Please make sure you read the publisher’s submission guidelines thoroughly before submitting and make sure your work is a good fit. Doing this will increase your chances of getting published, so it’s well worth your time and effort to do your research.

3 Of Cups: Tell Me Who We Were Before Life Made Us

This is a poetry anthology about imagined histories. Their guidelines say:

“We want to read your takes on fairy tales, folklore, and urban legends. Send us your creation myths, founding myths, Greek, Haitian, Indian, and Mancunian myths. We want to see your counterfactuals, your apocryphals, your ‘What If’s? We want to know, who do you think we are, were, or could be?”

Poets can send up to three poems. For more details, click here.
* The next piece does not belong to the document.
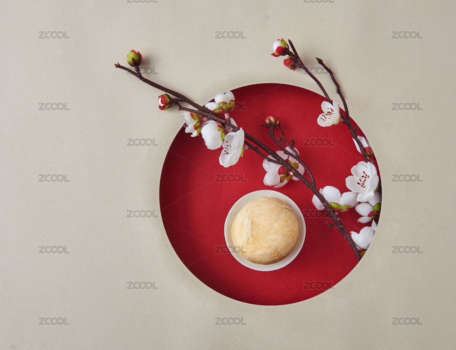 灰色背景下紅色鏤空窗內(nèi)的饃饃

  • Deadline: November 8, 2020
  • Length: Any length; up to three poems
  • Pay: £60 + royalties

World Weaver Press: New Tales of Fairy Godmothers

They want short fiction about fairy godmothers. Their guidelines say:

“Use your magic to come up with tales that illuminate, investigate, or turn the fairy godmother trope on its head. Origin stories are welcome, but so are stories about fairy godfathers, fairy godparents, mundane godparents who find themselves in magical situations, the beneficiaries (or victims) of fairy godmothering—you get the idea.

You can use existing fairy tales for inspiration or create a brand new story. What if Cinderella hates everything the fairy godmother does for her?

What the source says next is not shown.